Anche se manca la ruvida istintività di “Affinità e divergenze”, le chitarre distorte e i tempi movimentati, accentuati da un violino epilettico, ci sono ancora: si pensi a "Per me lo so" e "Tu menti". Il vertice del concerto è sicuramente “Cupe vampe”, con tanto di violino sgraziato e un testo che alterna disinvolto un poema lirico a una filastrocca corrosiva. Storielle elementari urlate su chitarre spigolose a ritmo forsennato, "Spara Yuri spara, spera Yuri spera”. Pervasa da un clima thriller, "Morire" porta in primo piano una depressione senza fondo con quell'arpeggio sospeso e la voce lontanissima e alienata, che declama "la morte è insopportabile per chi non riesce a vivere"; seguono "Noia" e "Depressione Caspica", cupe e taglienti come da titolo, fino al tango di "Amandoti", liscio popolare con la voce narrante e terribile.
I tempi sono cambiati, l’energia e la rabbia degli inizi cominciano a diluirsi in un'inquieta introspezione sempre a metà strada tra l’euforia e l’abbattimento. D’altro canto non ci sono più Zamboni, Annarella Giudici, e Danilo Fatur, ma nemmeno il muro di Berlino, la guerra fredda e il blocco sovietico.

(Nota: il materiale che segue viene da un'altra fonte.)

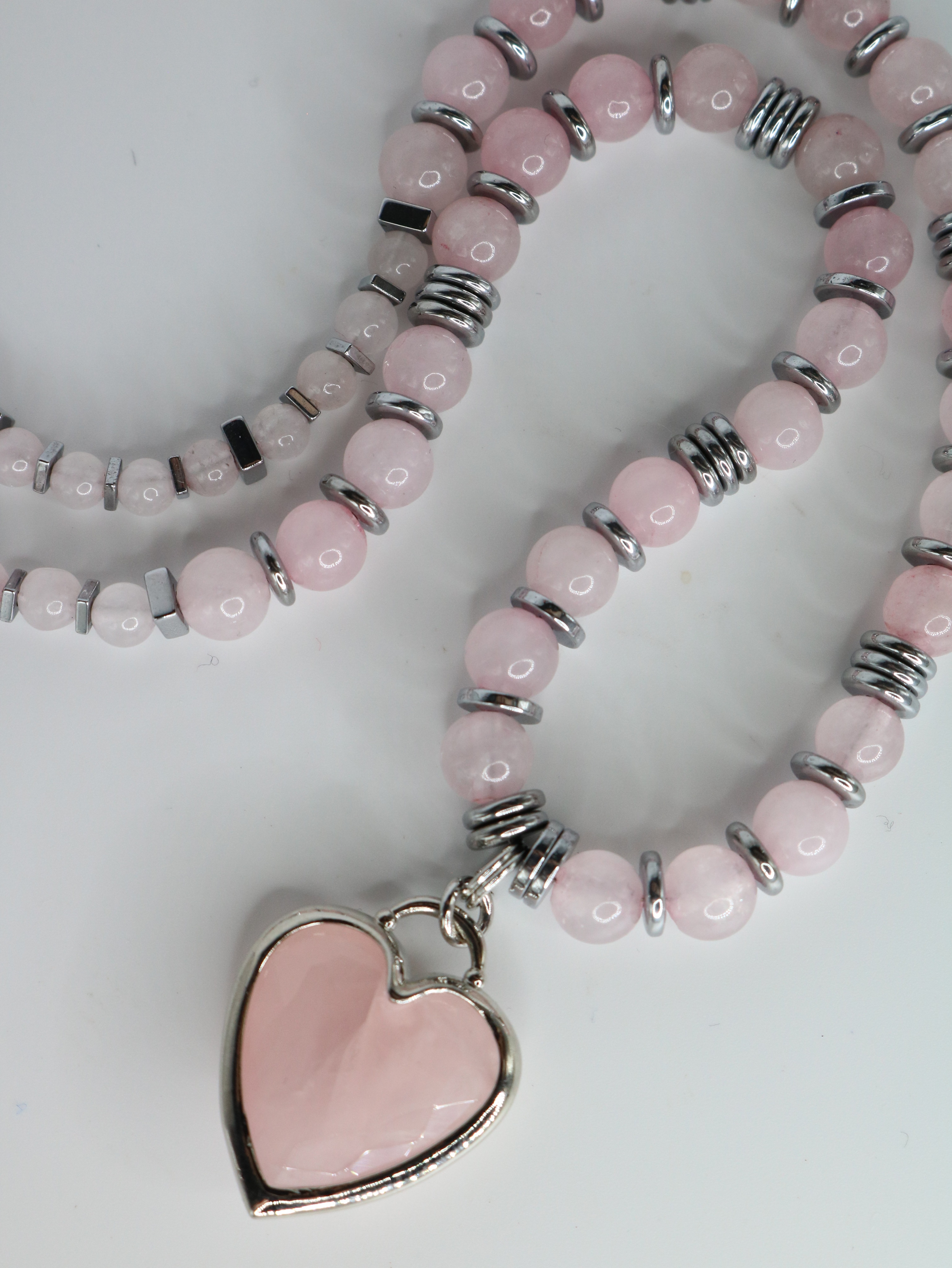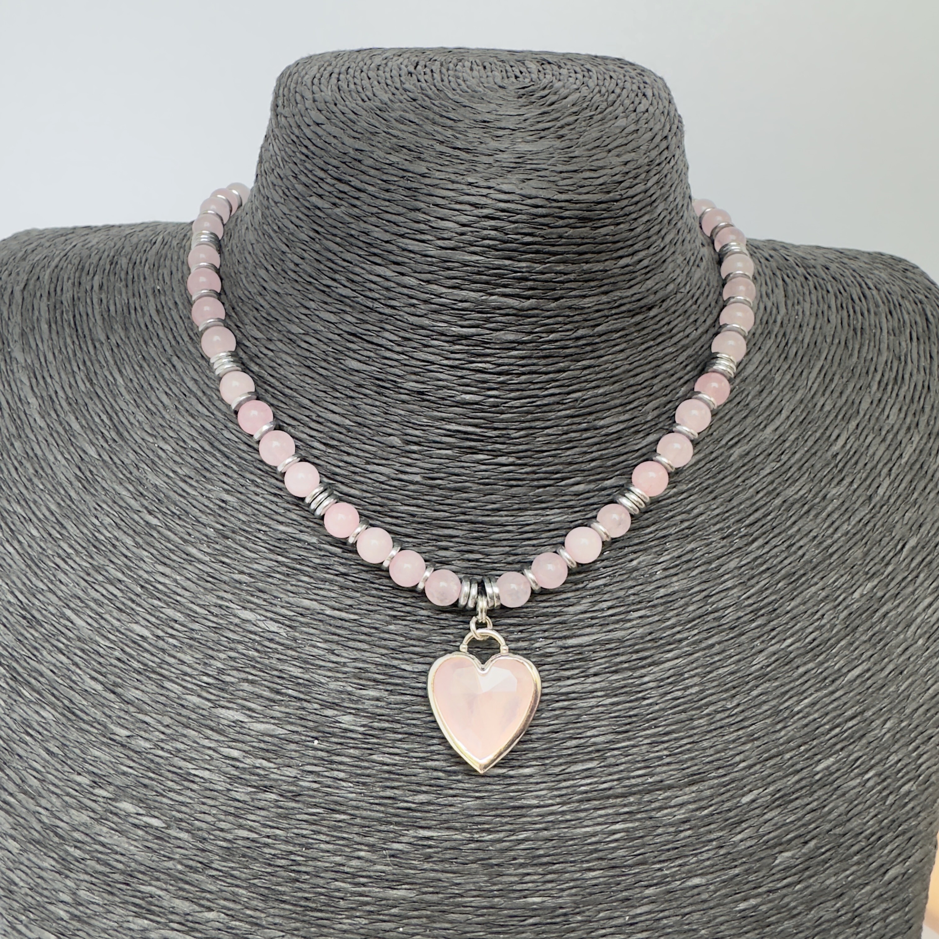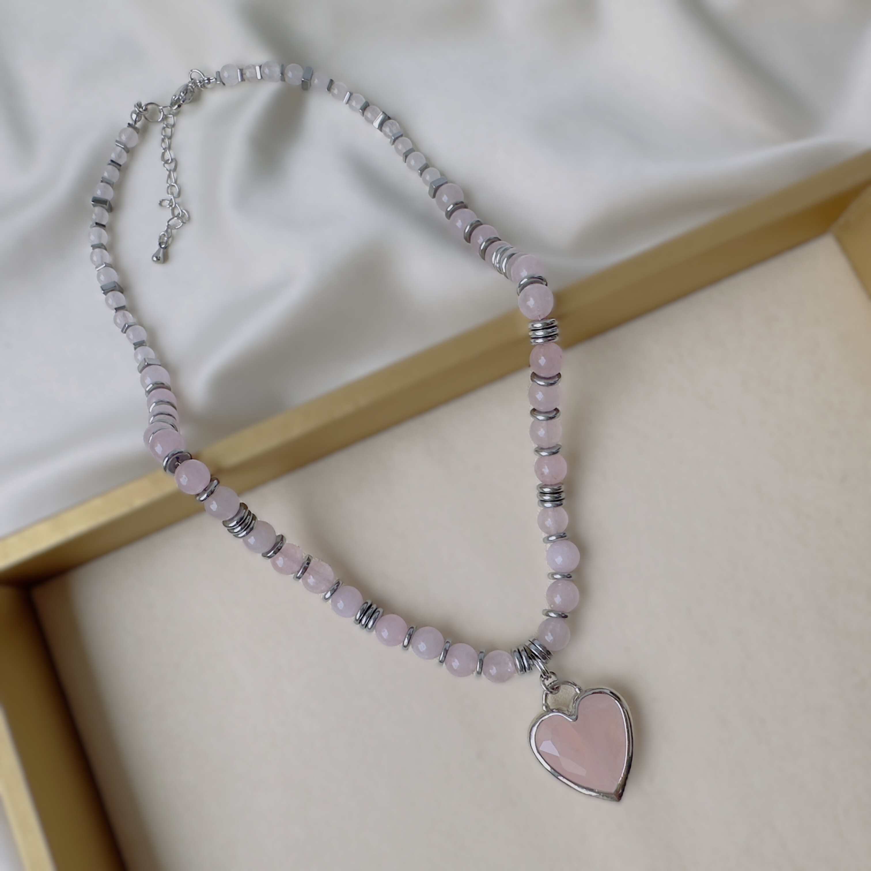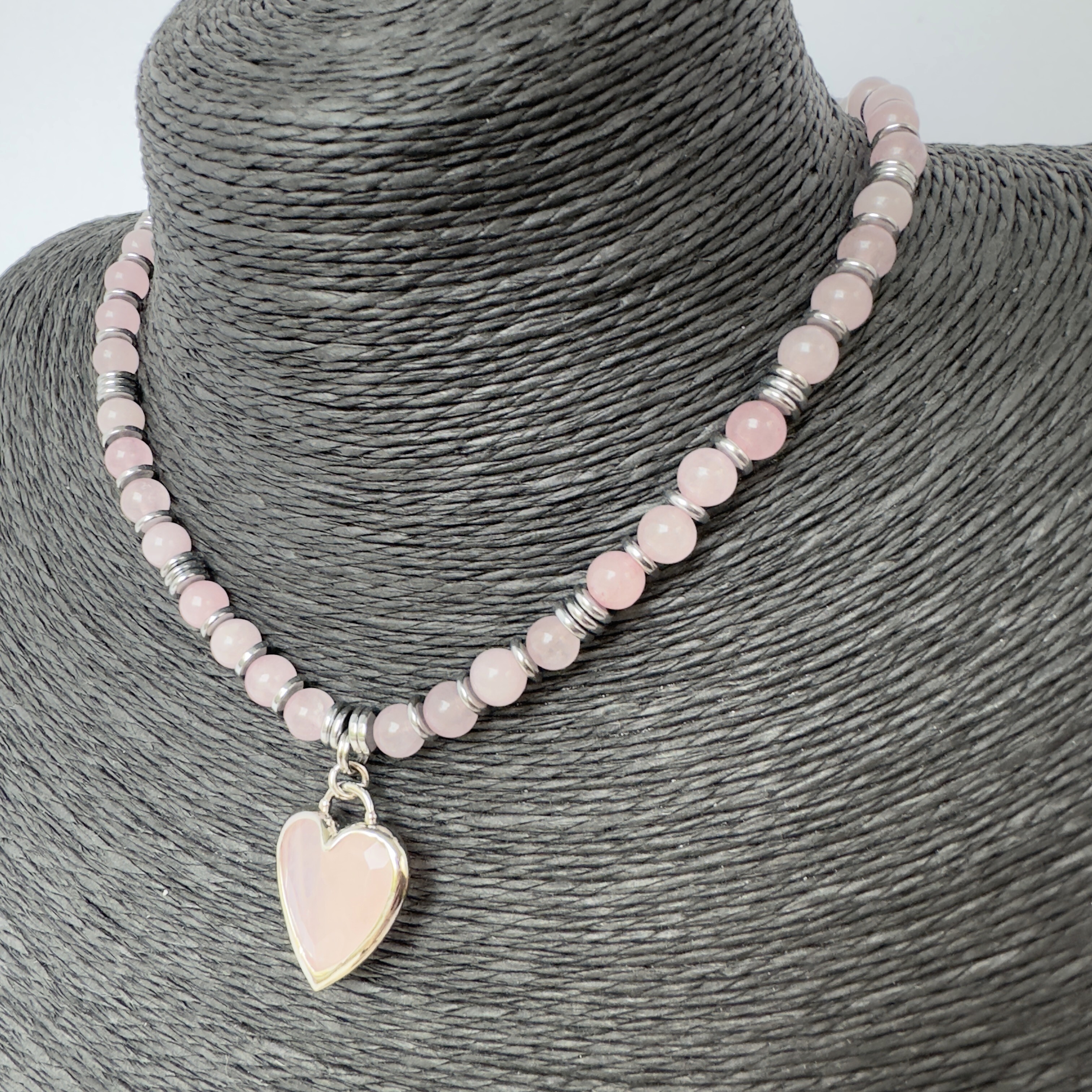 Длина 40 см, регулируемая (удлинительная цепочка 5 см). Бусины розового кварца чередуются с гематитовыми разделителями. Сердце - розовый кварц

Non manca nella scaletta "Annarella", tenera ninnananna dai toni eleganti, il testamento del gruppo "lasciami qui lasciami stare lasciami così, non dire una parola che non sia d’amore”. Ferretti introduce il pezzo presentandosi: "Ricomincio da capo. Un palco, una voce, due suoni: il violino e alternativamente, basso o chitarra. La cadenza si fa fluida, s’arrotondano le asperità trova spazio il sorriso e la tensione muove altri percorsi". È quasi mistica la sua presenza sul palcoscenico. Quel “megafono”, che apparentemente si era 'inceppato' a metà concerto per dirci “onestamente non capisco quello che succede nella mia vita e in quella degli altri”, ora si sovrappone a quel volto emaciato, scavato, annerito dal tempo e sembra gridare in silenzio: “Ho preso le giuste distanze da tutto: dal mondo, dalla società, dal pubblico, dalla vita e dalla mia stessa musica”.